Set down, word for word, the line with "Da die Anzeige" and the lines after it through the final line of the data below, without pictures.
Given data START
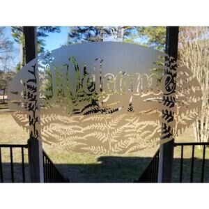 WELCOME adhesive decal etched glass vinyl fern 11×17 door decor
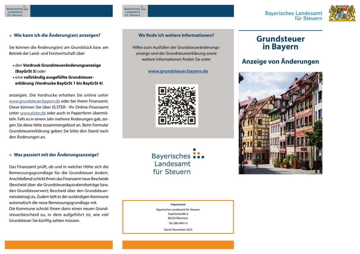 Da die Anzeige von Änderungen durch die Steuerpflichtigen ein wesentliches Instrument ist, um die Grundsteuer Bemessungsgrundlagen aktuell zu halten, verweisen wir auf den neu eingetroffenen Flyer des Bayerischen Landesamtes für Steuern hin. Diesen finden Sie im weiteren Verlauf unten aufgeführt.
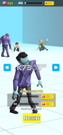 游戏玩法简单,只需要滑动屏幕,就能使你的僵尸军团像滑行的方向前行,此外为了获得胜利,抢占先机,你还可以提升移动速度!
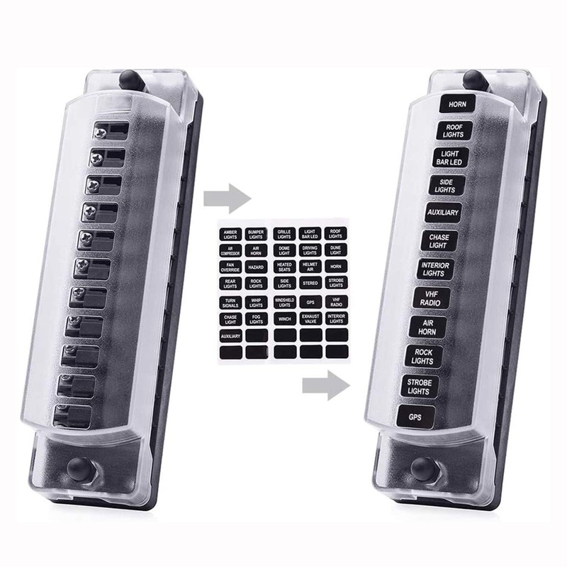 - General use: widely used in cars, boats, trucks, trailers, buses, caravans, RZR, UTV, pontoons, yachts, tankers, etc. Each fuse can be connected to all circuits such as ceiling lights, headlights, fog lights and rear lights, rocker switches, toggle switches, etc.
Given data END
Solution to this task:
 Da die Anzeige von Änderungen durch die Steuerpflichtigen ein wesentliches Instrument ist, um die Grundsteuer Bemessungsgrundlagen aktuell zu halten, verweisen wir auf den neu eingetroffenen Flyer des Bayerischen Landesamtes für Steuern hin. Diesen finden Sie im weiteren Verlauf unten aufgeführt.
 游戏玩法简单,只需要滑动屏幕,就能使你的僵尸军团像滑行的方向前行,此外为了获得胜利,抢占先机,你还可以提升移动速度!
 - General use: widely used in cars, boats, trucks, trailers, buses, caravans, RZR, UTV, pontoons, yachts, tankers, etc. Each fuse can be connected to all circuits such as ceiling lights, headlights, fog lights and rear lights, rocker switches, toggle switches, etc.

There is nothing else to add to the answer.